Problem description -> Please return every entry below exactly as written, without any of its pictures.

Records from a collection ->
——————————

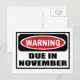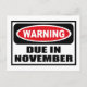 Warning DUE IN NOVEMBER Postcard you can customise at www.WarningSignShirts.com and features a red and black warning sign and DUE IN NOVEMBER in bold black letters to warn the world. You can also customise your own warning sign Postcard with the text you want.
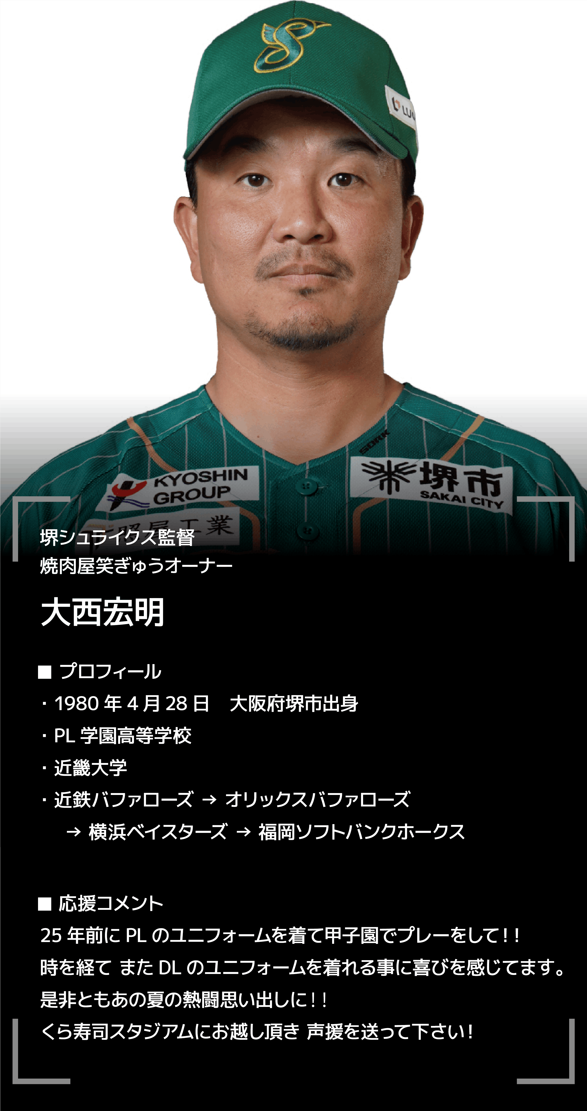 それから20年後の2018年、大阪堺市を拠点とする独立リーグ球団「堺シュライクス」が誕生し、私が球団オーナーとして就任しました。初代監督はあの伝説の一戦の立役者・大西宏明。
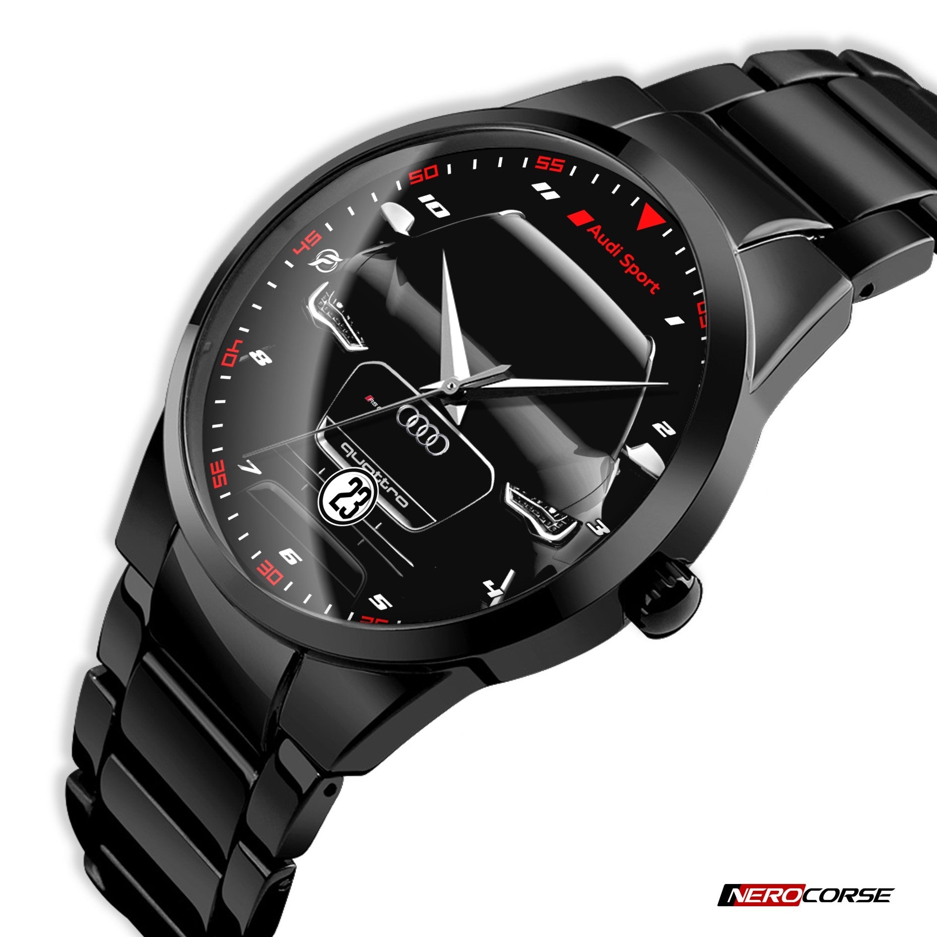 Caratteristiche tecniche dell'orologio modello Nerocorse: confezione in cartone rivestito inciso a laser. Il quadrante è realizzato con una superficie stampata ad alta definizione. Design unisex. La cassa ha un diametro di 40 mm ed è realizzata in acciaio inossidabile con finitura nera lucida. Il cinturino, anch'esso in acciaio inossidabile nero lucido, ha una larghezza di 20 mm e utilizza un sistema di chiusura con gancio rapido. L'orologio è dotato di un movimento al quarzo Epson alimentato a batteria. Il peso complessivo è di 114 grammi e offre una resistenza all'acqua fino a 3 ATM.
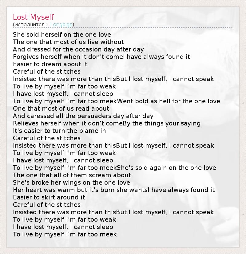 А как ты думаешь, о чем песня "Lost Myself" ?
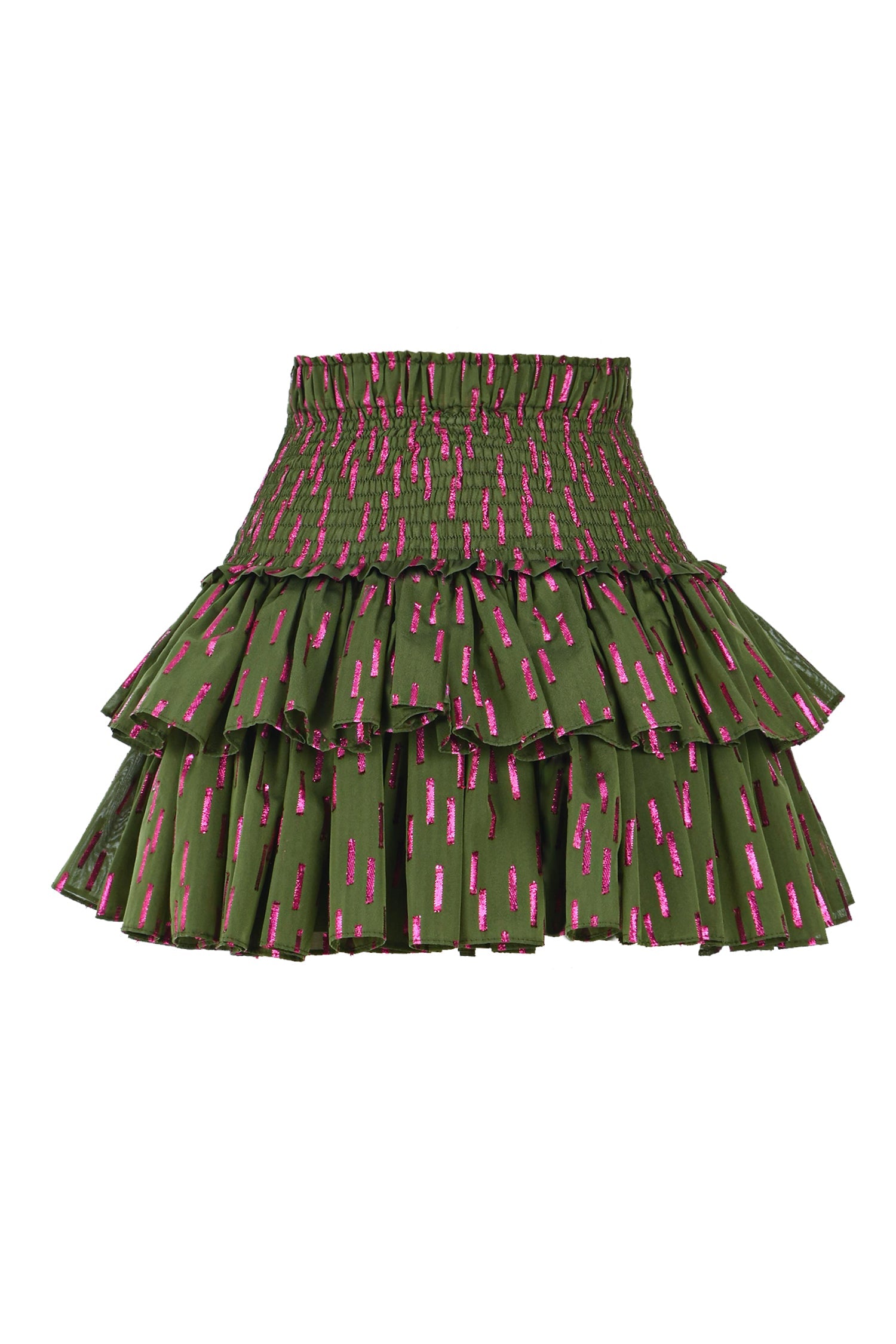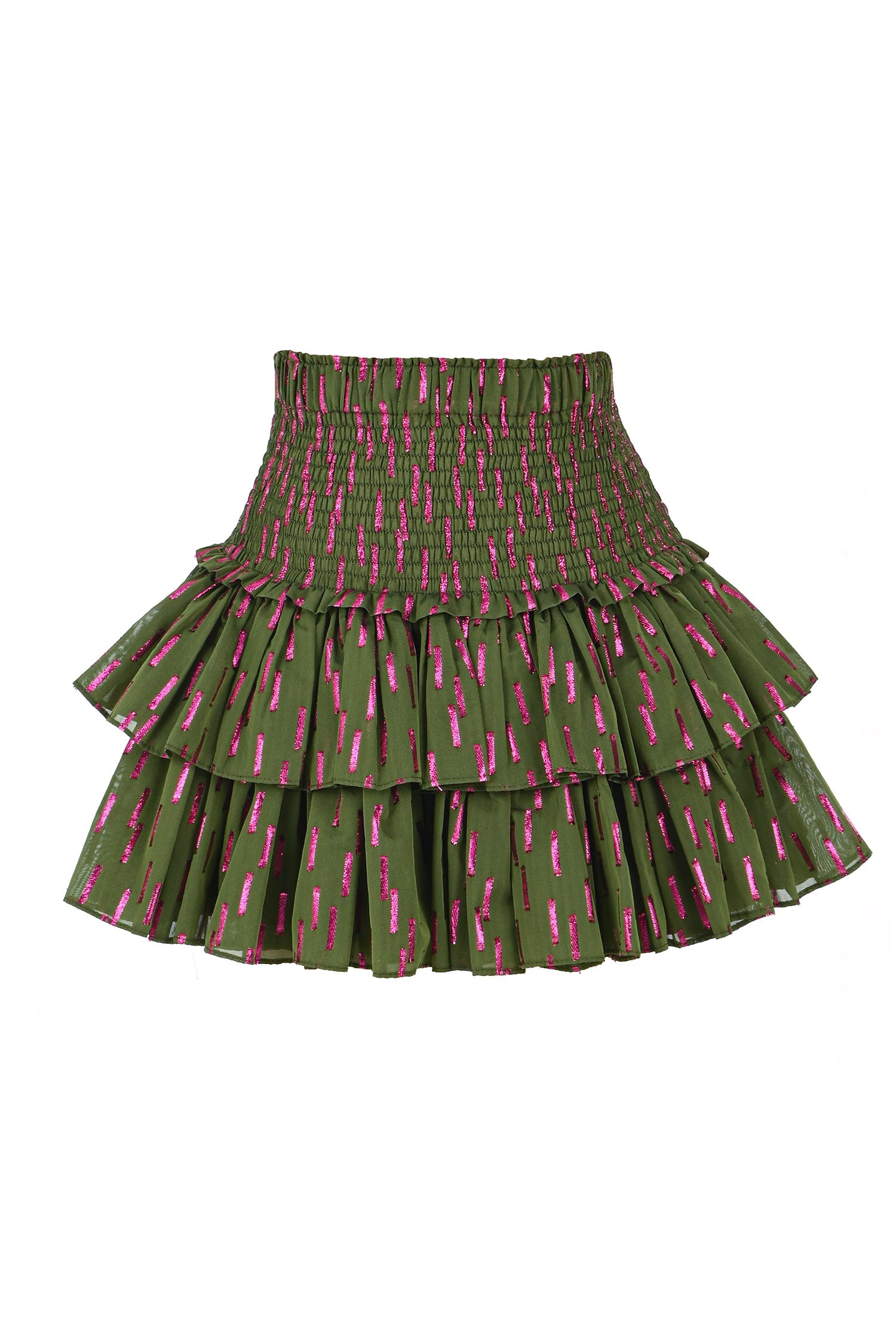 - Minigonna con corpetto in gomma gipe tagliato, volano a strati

——————————

Answer to this exercise ->
 Warning DUE IN NOVEMBER Postcard you can customise at www.WarningSignShirts.com and features a red and black warning sign and DUE IN NOVEMBER in bold black letters to warn the world. You can also customise your own warning sign Postcard with the text you want.
 それから20年後の2018年、大阪堺市を拠点とする独立リーグ球団「堺シュライクス」が誕生し、私が球団オーナーとして就任しました。初代監督はあの伝説の一戦の立役者・大西宏明。
 Caratteristiche tecniche dell'orologio modello Nerocorse: confezione in cartone rivestito inciso a laser. Il quadrante è realizzato con una superficie stampata ad alta definizione. Design unisex. La cassa ha un diametro di 40 mm ed è realizzata in acciaio inossidabile con finitura nera lucida. Il cinturino, anch'esso in acciaio inossidabile nero lucido, ha una larghezza di 20 mm e utilizza un sistema di chiusura con gancio rapido. L'orologio è dotato di un movimento al quarzo Epson alimentato a batteria. Il peso complessivo è di 114 grammi e offre una resistenza all'acqua fino a 3 ATM.
 А как ты думаешь, о чем песня "Lost Myself" ?
 - Minigonna con corpetto in gomma gipe tagliato, volano a strati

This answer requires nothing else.